# Try it
Verbatim output, no pictures: the lines from the beginning of the material through the line with "리바트 레도바 6인 라운드", both ends kept.

# Record extracts
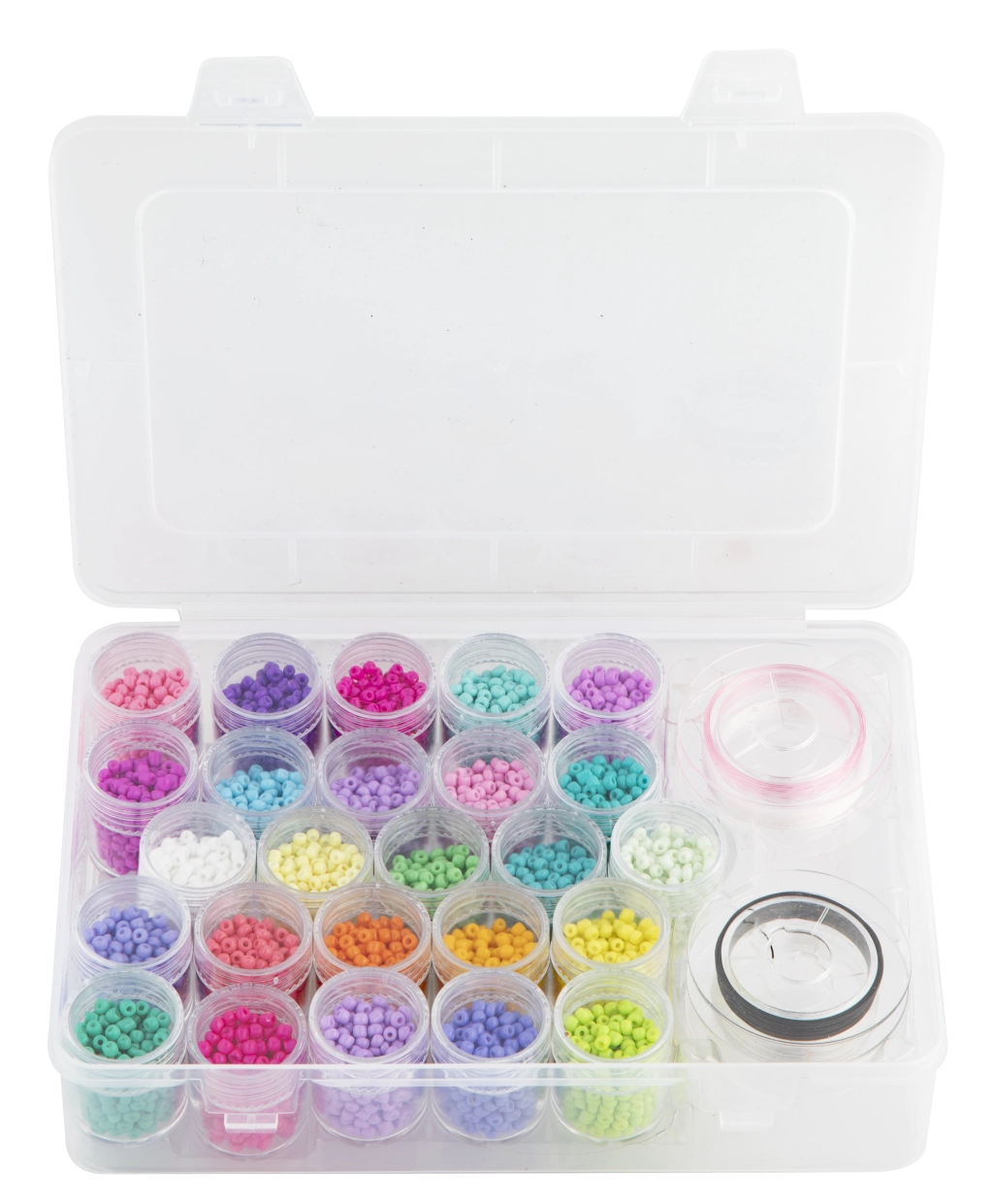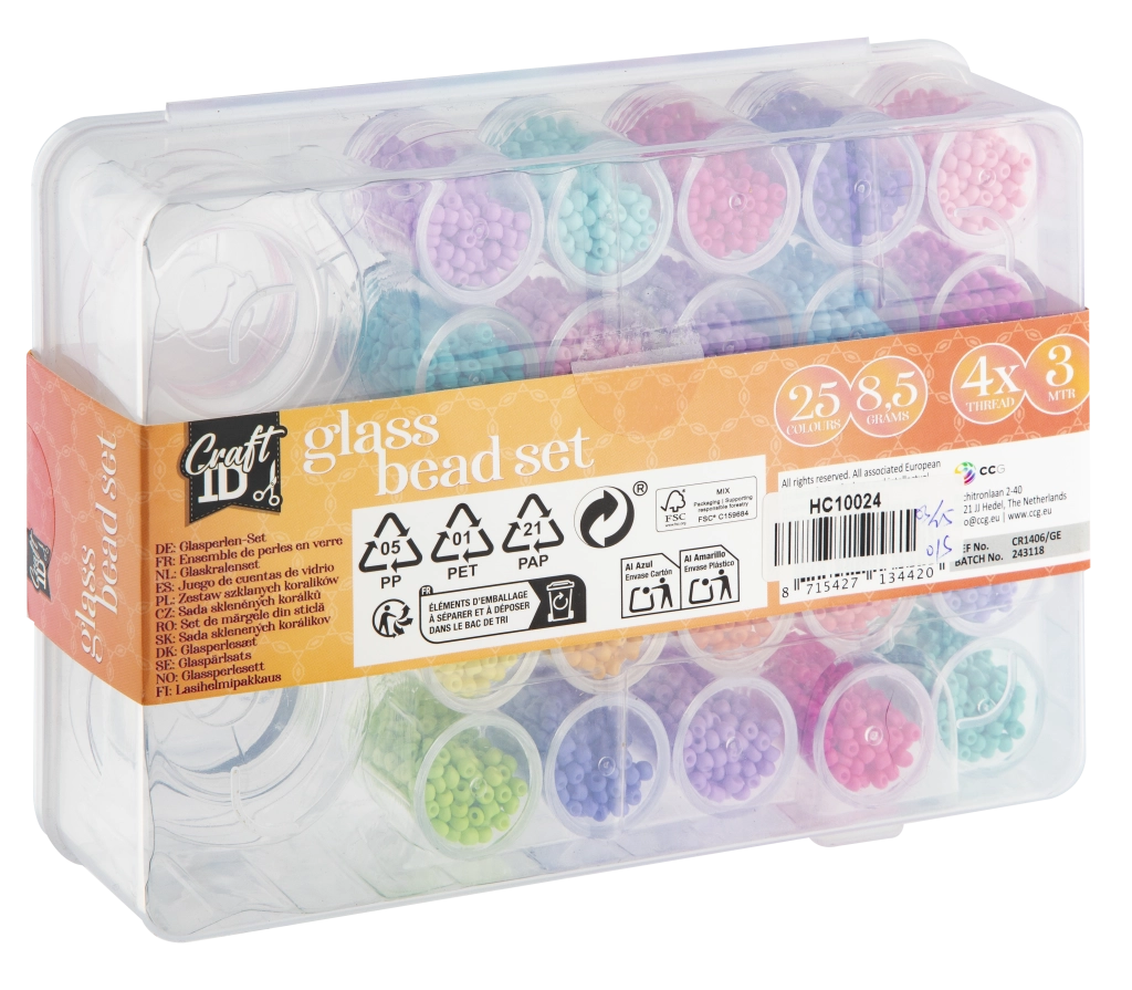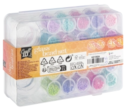 Този голям комплект стъклени мъниста предлага богат избор от 25 цвята за вашите креативни проекти. Благодарение на прозрачния органайзер с отделения имате всички нюанси подредени и на една ръка разстояние, за да комбинирате бързо цветовете за уникални дизайни.
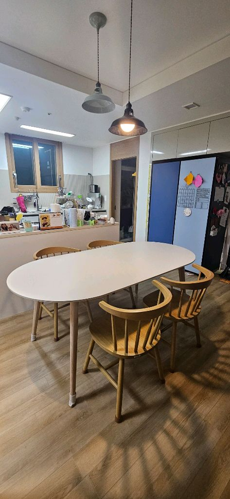 리바트 레도바 6인 라운드 세라믹 식탁 과 리바트 뉴윈저 로우백 원목 식탁의자 입니다 21년도 구매했고 22년도에 세라믹상판 새걸로 교체받았어요 식탁 다리는 애쉬 원목입니다 원목의자는 재질 특성상 곳곳에 작은 찍힘이 있지만 아주 큰 상처는 없어요 중고이니 예민하시면 지나가주세요 직접 가져가셔야합니다
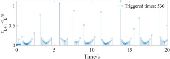 Prescribed performance control (PPC) techniques are widely used in nonlinear system research to simultaneously achieve the design requirements of stability, transient, and steady-state performance [14,15]. However, the tracking error of conventional PPC evolves strictly within a predefined envelope bounded by an exponentially decaying performance function [16], the tracking error converges only at an exponential rate, and the dynamic process is theoretically asymptotically convergent. Therefore, Li et al. [17] proposed a finite-time performance function (FTPF) to ensure that the tracking error converges within a specified time. Yet, this method is dependent on the initial conditions of the system. Hence, Liu et al. [18] developed a new FTPF with convergence time independent of initial conditions and design parameters was constructed, and the tracking error converged faster under the same parameters than Li et al. [17]. The above FTPF control studies [14,15,16,17,18] are executed in a time-triggered manner (i.e., control and update are periodic), which will generate a tremendous waste of resources, especially when a sufficiently small period is considered. Therefore, it is imperative to study an advanced control strategy that can not only balance transient and steady-state performance, but also save resources.
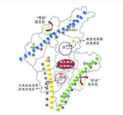 两区,即商贸、工业企业电商应用示范区与新型电商物流集聚区。罗庄区、高新区打造商贸、工业企业电商应用示范区;沂南县建设新型电商物流集聚区。
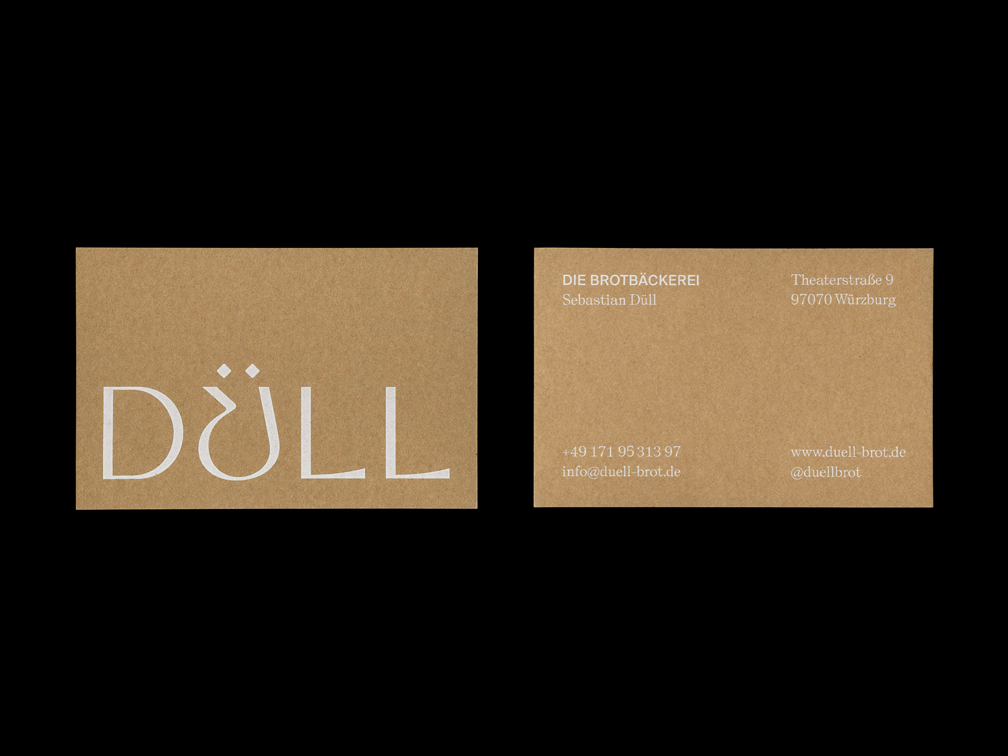 Düll is a bakery in Würzburg that offers a very reduced product range: six different kinds of bread. The presentation of these breads takes the central role of the branding. Through six photos, the story of each product is told, and the taste and character of every individual bread is visualized. The appearance is complemented by an eye-catching word mark, which is used on all other designed media, such as shop windows, packaging, business cards and carrier bags.
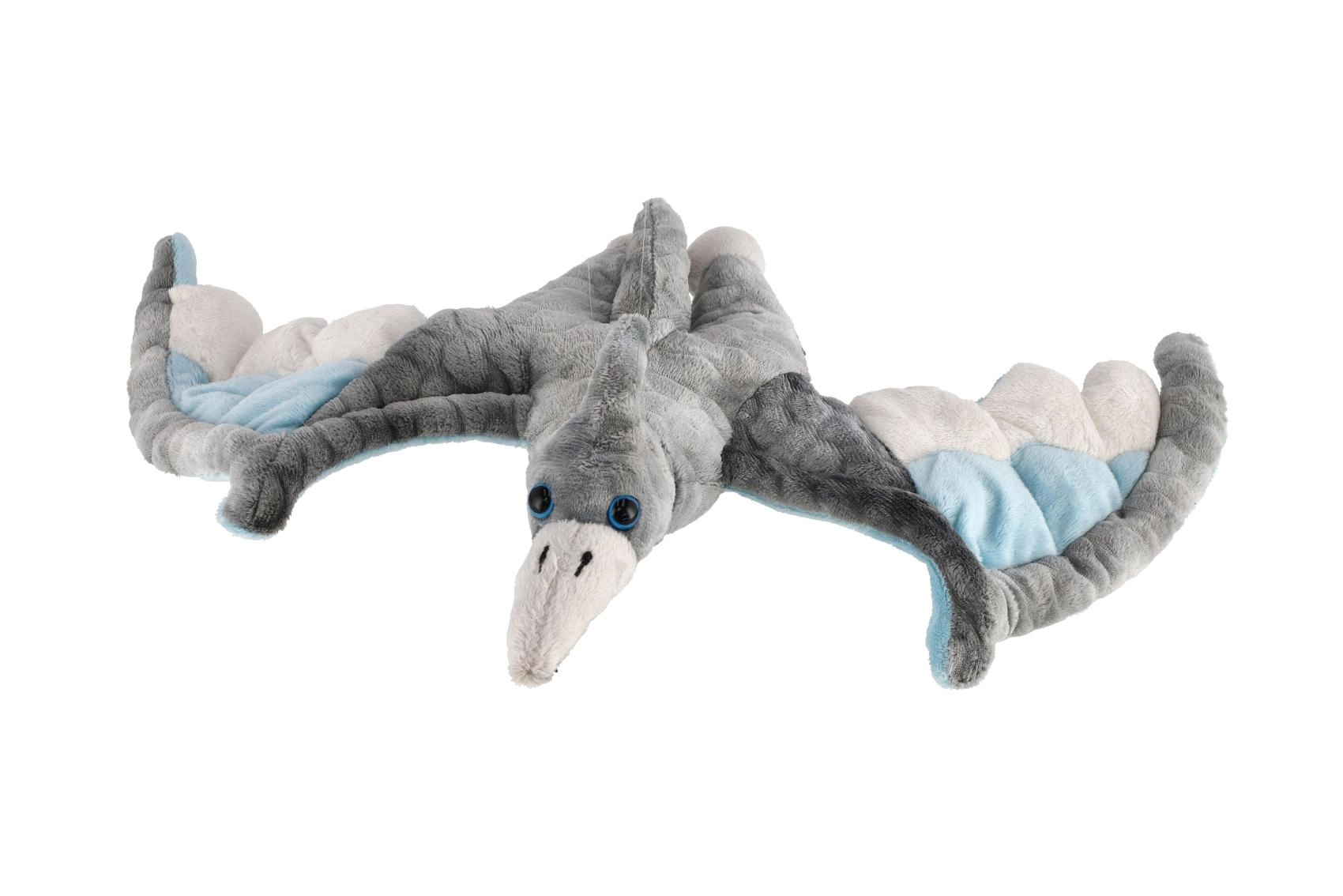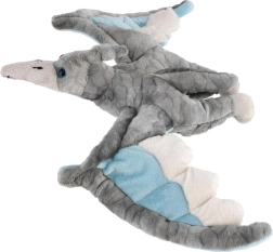 Este pterosaurio suave destaca por sus alas extendidas en color gris con detalles azules y claros. Es agradablemente esponjoso, ligero y se adapta muy bien a las manos pequeñas. Gracias a sus materiales delicados, es ideal como primer peluche y pronto se convertirá en un compañero favorito para dormir y viajar.

# Completed task
 Този голям комплект стъклени мъниста предлага богат избор от 25 цвята за вашите креативни проекти. Благодарение на прозрачния органайзер с отделения имате всички нюанси подредени и на една ръка разстояние, за да комбинирате бързо цветовете за уникални дизайни.
 리바트 레도바 6인 라운드 세라믹 식탁 과 리바트 뉴윈저 로우백 원목 식탁의자 입니다 21년도 구매했고 22년도에 세라믹상판 새걸로 교체받았어요 식탁 다리는 애쉬 원목입니다 원목의자는 재질 특성상 곳곳에 작은 찍힘이 있지만 아주 큰 상처는 없어요 중고이니 예민하시면 지나가주세요 직접 가져가셔야합니다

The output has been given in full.